PROVIDED DATA:

[Start of section]

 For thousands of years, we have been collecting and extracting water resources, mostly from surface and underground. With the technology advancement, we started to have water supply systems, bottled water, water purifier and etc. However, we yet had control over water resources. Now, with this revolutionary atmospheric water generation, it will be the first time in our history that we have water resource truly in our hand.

[End of section]
[Start of section]

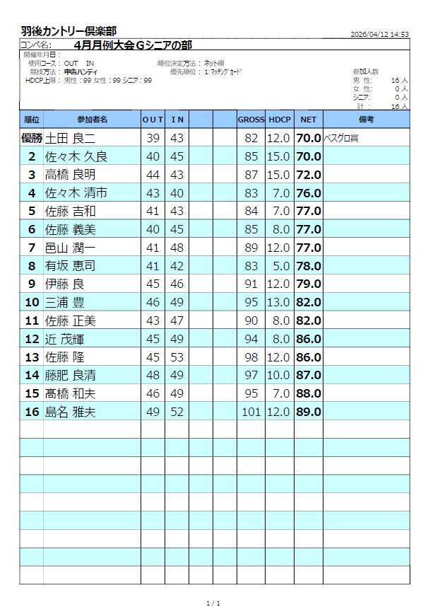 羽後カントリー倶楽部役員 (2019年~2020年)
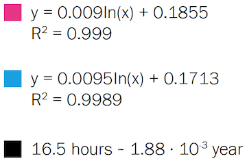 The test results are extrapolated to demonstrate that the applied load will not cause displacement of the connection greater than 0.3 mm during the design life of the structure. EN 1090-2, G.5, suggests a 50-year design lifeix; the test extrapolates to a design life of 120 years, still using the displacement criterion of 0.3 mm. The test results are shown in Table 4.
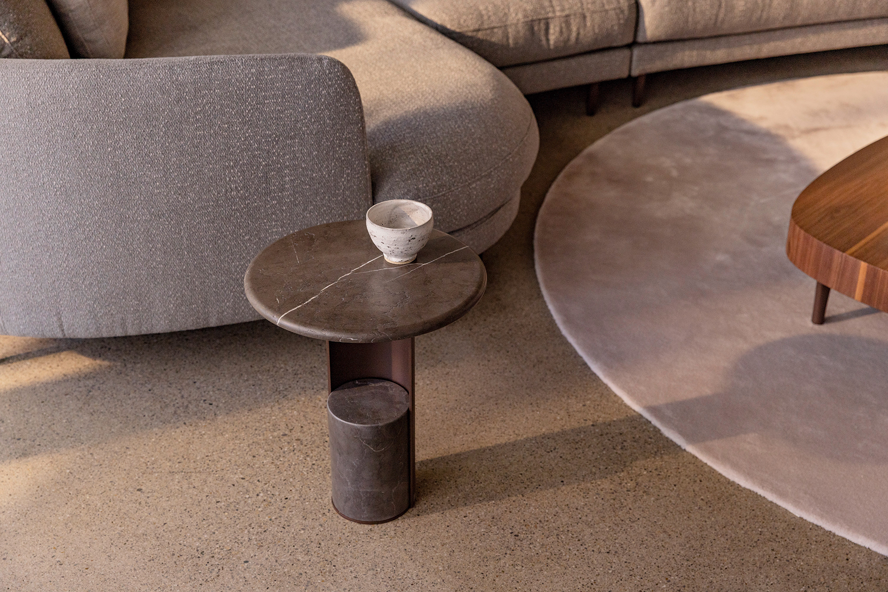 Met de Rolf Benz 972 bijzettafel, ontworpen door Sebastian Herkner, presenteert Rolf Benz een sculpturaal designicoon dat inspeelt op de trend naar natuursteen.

[End of section]

BRIEF: Here the job is to copy the listing above word for word, starting at the line with "羽後カントリー倶楽部役員 (2019年~2020年)" and ending at the line with "Met de Rolf", and to leave out the pictures.

RESPONSE BELOW:
 羽後カントリー倶楽部役員 (2019年~2020年)
 The test results are extrapolated to demonstrate that the applied load will not cause displacement of the connection greater than 0.3 mm during the design life of the structure. EN 1090-2, G.5, suggests a 50-year design lifeix; the test extrapolates to a design life of 120 years, still using the displacement criterion of 0.3 mm. The test results are shown in Table 4.
 Met de Rolf Benz 972 bijzettafel, ontworpen door Sebastian Herkner, presenteert Rolf Benz een sculpturaal designicoon dat inspeelt op de trend naar natuursteen.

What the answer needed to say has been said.